In this paper about aspect-based sentiment analysis (ABSA), we present the first version of a fine-grained annotated corpus for target-based opinion analysis (TBOA) to analyze economic activities or financial markets. We have annotated, at an intra-sentential level, a corpus of sentences extracted from documents representative of financial analysts’ most-read materials by considering how financial actors communicate about the evolution of event trends and analyze related publications (news, official communications, etc.). Since we focus on identifying the expressions of opinions related to the economy and financial markets, we annotated the sentences that contain at least one subjective expression about a domain-specific term. Candidate sentences for annotations were randomly chosen from texts of specialized press and professional information channels over a period ranging from 1986 to 2021. Our annotation scheme relies on various linguistic markers like domain-specific vocabulary, syntactic structures, and rhetorical relations to explicitly describe the author’s subjective stance. We investigated and evaluated the recourse to automatic pre-annotation with existing natural language processing technologies to alleviate the annotation workload. Our aim is to propose a corpus usable on the one hand as training material for the automatic detection of the opinions expressed on an extensive range of domain-specific aspects and on the other hand as a gold standard for evaluation TBOA. In this paper, we present our pre-annotation models and evaluations of their performance, introduce our annotation scheme and report on the main characteristics of our corpus.
基于目标的经济金融叙事观点分析的细粒度注释语料库
在这篇关于基于方面的情感分析(ABSA)的论文中,我们提出了一个用于基于目标的意见分析(TBOA)的细粒度注释语料库的第一个版本,以分析经济活动或金融市场。

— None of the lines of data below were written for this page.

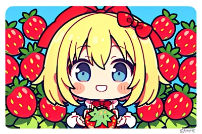 cafe,loli,blond hair,short hair,hair bow,red bow,blue eyes,light smile, (Strawberry Cake:1)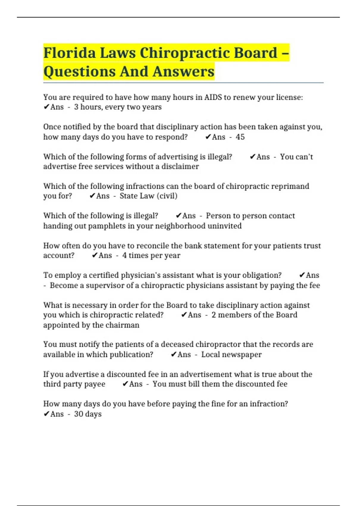 BUNDLE::: FLORIDA CHIROPRACTIC LAWS AND RULES EXAMS
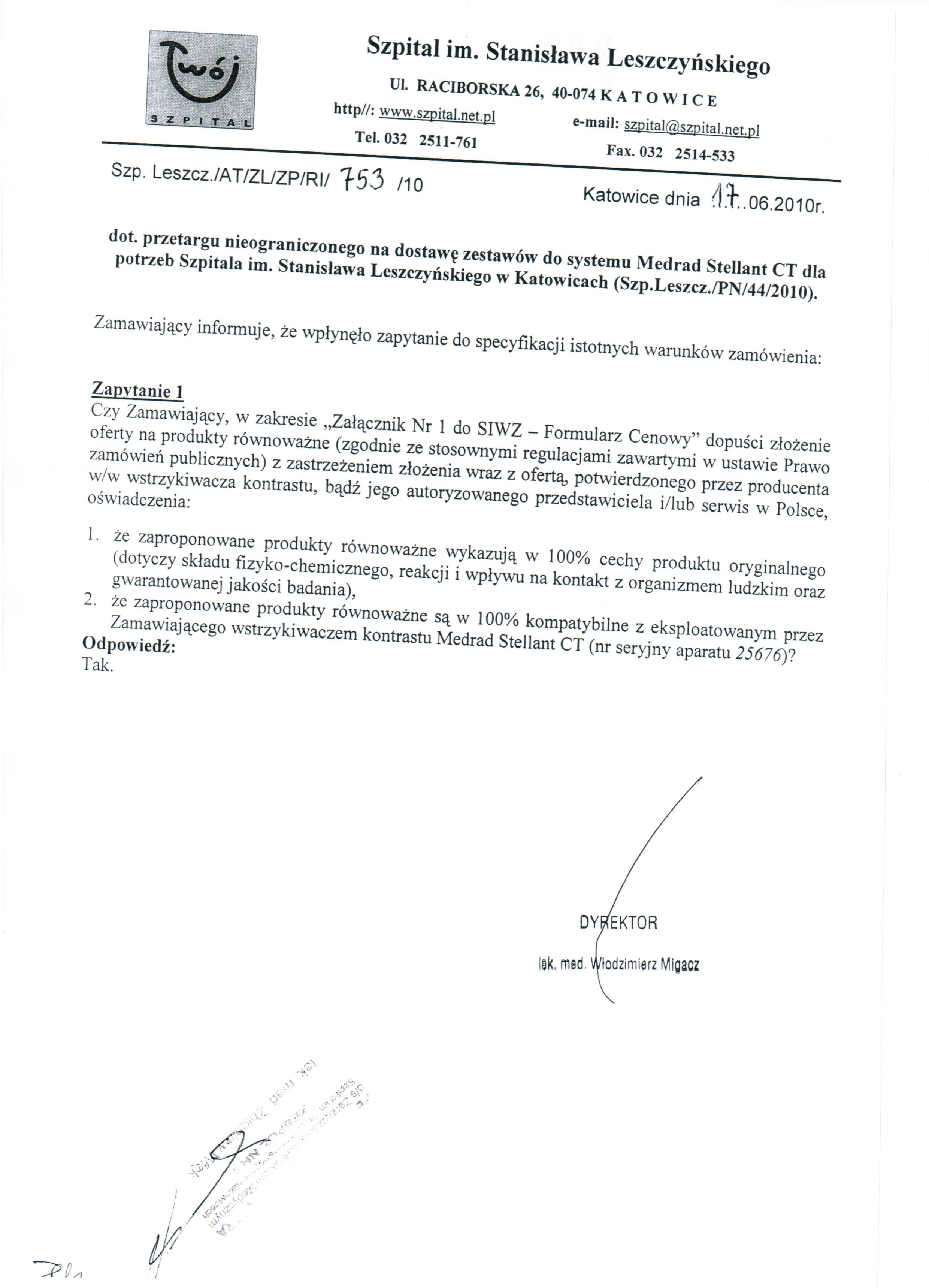 SIWZ można uzyskać pod adresem: Szpital im. Stanisława Leszczyńskiego, 40-074 Katowice,

通过考虑金融行为者如何就事件趋势的演变进行沟通,并分析相关出版物(新闻、官方通讯等),我们在句内层面对从金融分析师最常阅读的文件中提取的句子语料库进行了注释。由于我们专注于识别与经济和金融市场相关的意见表达,因此我们注释了包含至少一个关于特定领域术语的主观表达的句子。从1986年至2021年期间的专业报刊和专业信息渠道的文本中随机选择候选注释句子。我们的注释方案依赖于各种语言标记,如领域特定的词汇、句法结构和修辞关系,以明确地描述作者的主观立场。研究和评估了利用现有自然语言处理技术自动预标注以减轻标注工作量的方法。我们的目标是提出一个语料库,一方面可以作为自动检测在广泛的领域特定方面所表达的意见的培训材料,另一方面可以作为评价TBOA的金标准。在本文中,我们提出了我们的预标注模型及其性能评价,介绍了我们的标注方案,并报告了我们的语料库的主要特征。
本文章由计算机程序翻译,如有差异,请以英文原文为准。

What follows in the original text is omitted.